Our team developed a novel system named ENDOANGEL, which uses AI to reduce the blind spot rate with EGD, and conducted a clinical trial to verify its effectiveness and safety [22]. The advantage of the system is that is an AI application designed specifically for use in the gastrointestinal tract [22]
[23]
[24]. Based on our previous study, we aimed to develop a novel real-time DCNN-based system for common gastritis lesion classification and location. This system would result in a summary of photodocumentation at the end of an endoscopic examination.
Materials and methods
Study design
We retrospectively collected WLE images to for use in a DL-based, gastritis-assisted diagnostic system. The gold standard for the training and test sets was the consensus of three reviewers regarding non-gastritis and histological results for CAG. We designed this classification system to help recognize and locate gastritis lesions. The system determines the type of lesion based on details observed as the endoscope nears it. Three separate test sets were used for validation. Experts and non-experts from two hospitals participated in three tests of the system.
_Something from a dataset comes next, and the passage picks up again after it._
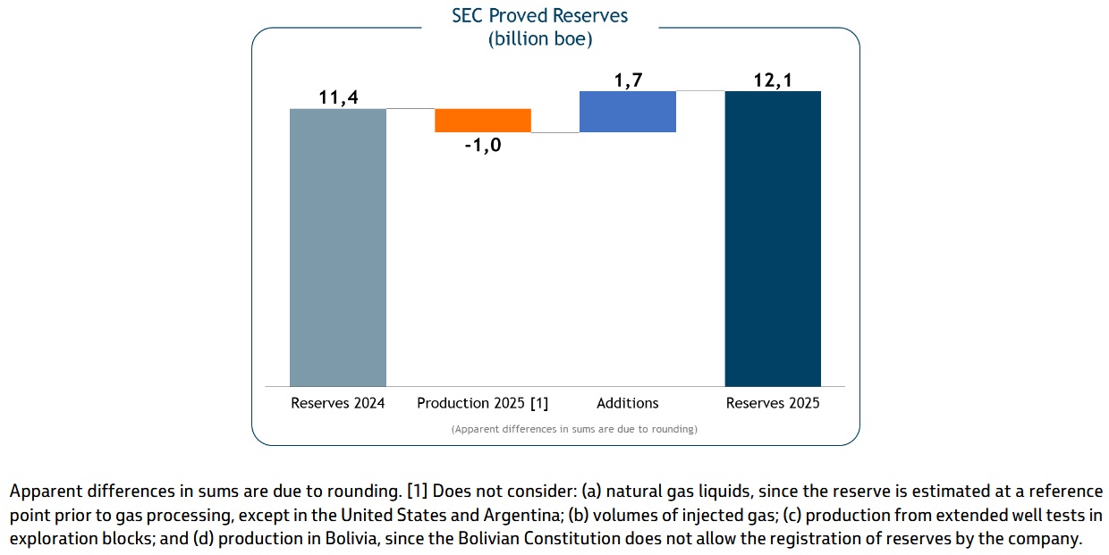 Petrobras also estimates reserves according to the ANP/SPE (National Agency of Petroleum, Natural Gas and Biofuels / Society of Petroleum Engineers) definitions. As of December 31, 2025, the proved reserves according to these definitions reached 12.5 billion barrels of oil equivalent (boe). The differences between reserves estimated by ANP/SPE definitions and those estimated using SEC regulation are mainly due to different economic assumptions and the possibility, under ANP reserves regulations, of recognizing as reserves the volumes expected to be produced beyond the concession term in Brazilian fields.

Three experts participated as reviewers, each of whom had at least 3 years of experience in endoscopy and an annual EGD volume of 1000 to 3000 cases at Renmin Hospital of Wuhan University. The filter criterion was established by three reviewers after face-to-face discussions and used to select images that all of the reviewers all agreed after discussion would guarantee the model’s accuracy. There is broad consensus about the basic distinction between AG and non-atrophic gastritis [25]
[26]
[27]. The images showing GA and IM were confirmed with histological results and those that did not require pathology were used after the three reviewers came to consensus about them. Images for GA mean images on which only atrophy was present in pathological results and images for IM means that the reviewers annotated the region in images with IM based pathological results.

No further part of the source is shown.